The COVID-19 crisis should be a wake-up call for financial advisors to offer broader diversification in clients’ portfolios, including more assets overseas and in havens such as bonds and gold, according to a couple of Canadian portfolio managers and a research analyst who participated in an online panel discussion on June 11.
“Under heightened uncertainty, we need to prioritize maximum asset-class diversification,” said Rodrigo Gordillo, co-founder, president and portfolio manager at ReSolve Asset Management, during the webinar, which was a collaboration between Inside ETFs Canada and Globe Advisor.
Before the market meltdown began in March, Mr. Gordillo said some advisors were too heavily focused on chasing yield through equities while not holding enough secure assets like bonds and hedges like gold.
“Hopefully, they’ve learned a lesson of proper diversification in risk management,” Mr. Gordillo said. “It provides an opportunity for advisors to rethink … and to really implement a more robust portfolio that can withstand the next [black swan] event without it affecting their clients’ portfolios.”
He believes advisors need to diversify not just in sectors and geographies, but strategies including active and passive investing.
“You couldn’t find better timing [to get started],” Mr. Gordillo said.
Meanwhile, Robert Duncan, senior vice-president, institutional sales, and portfolio manager at Forstrong Global Asset Management Inc., said he sees investment strategies around three emerging “super trends,” which include higher debt, less globalization and growth in the digital economy.
For example, Mr. Duncan said higher government debt as a result of COVID-19 government support packages will create financial pressures that will likely lead to higher taxes and inflation.
“The consequences, I think, will be a big focus for investors to work more closely with their advisors to reposition and look at what’s happening in their portfolios and how they can take care of themselves for the future,” he said during the panel discussion.
Mr. Duncan also sees investment opportunities in the shift away from globalization and toward localization as a result of the pandemic, which could force countries to find growth within their own borders or regions.
“We want to invest in markets that have very high growth rates, and we do see that from investing around the world, including as a part of a growth opportunity in portfolios,” he said.
With digitalization, which has been hastened by the coronavirus lockdowns and more people working from home, Mr. Duncan sees opportunity in the technology sector.
“We think this trend can continue,” he said, but with a focus on global markets like Europe and Asia and less in the United States.

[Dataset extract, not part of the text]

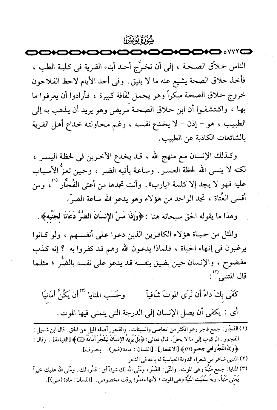 وكذلك الإنسان مع منهج الله، قد يخدع الآخرين في لحظة اليسر، لكنه لا ينسى الله لحظة العسر. وساعة يأتيه الضر، وحين تعزُّ الأسباب عليه فهو لا يجد إلا كلمة «يا رب» . وأنت تجدها من أعتى الفُجَّار، ومن أقسى العُتاة، تجد الواحد من هؤلاء وهو يدعو الله ساعة الضرّ.

“We do think there’s a lot of crowding happening in the work-from-home trade in the U.S. ... and opportunity to diversity away from that.”
Mr. Duncan agrees that now is “an opportune time to globally diversify” portfolios and recommends that advisors discuss these trends with clients.
“You clearly have to match up the risk profile and make sure that clients are going to be comfortable with what they’re investing in,” Mr. Duncan said. “From our view, picking a stock to try to outperform or beat a particular index is very difficult. We focus almost exclusively on the asset mix and try to get that right for clients.”
As such, exchange-traded funds (ETFs) will continue to play a larger role in client portfolios in the years ahead, said Daniel Straus, vice-president of ETFs and financial products research at National Bank Financial Inc. (NBF).
NBF data show that ETF assets under management (AUM) in Canada have experienced a compound annual growth rate of about 20 per cent over the past five years, with more than $200-billion in AUM in Canada today.
While that’s only about 10 per cent of the $2-trillion in mutual fund AUM in Canada, Mr. Straus said asset inflows into ETFs have outpaced mutual fund growth since the global financial crisis of 2008-09.
“It’s an astonishing … pace with no end in sight,” he said during the panel discussion.
“Anytime there’s something that upsets the apple cart or shakes the equilibrium, there’s going to be people who withdraw assets from all sorts of risky areas and then, when it comes time to deploy, they will re-evaluate,” he added.
“ETFs, being relatively smaller than mutual funds [in total AUM], are going to be the beneficiary of this kind of process. It happened in 2008-09 when ETFs were really quite small compared to mutual funds – and it’s happening now, too.”
Mr. Straus expects ETFs to “take another leg up in market share” during the COVID-19 crisis, including the creation of more thematic plays.
One example he cited is the work-from-home trend, which has led to increased interest in ETFs that includes everything from cloud computing and cybersecurity to online document management and remote communications.
In fact, a new ETF, Direxion Work From Home ETF, that tracks the newly launched Solactive Remote Work Index is expected to begin trading in the U.S. in the coming weeks.
“ETFs are figuring into more portfolios, more than ever,” Mr. Straus said. “It’s a brave new world and ETFs are going to figure very prominently.”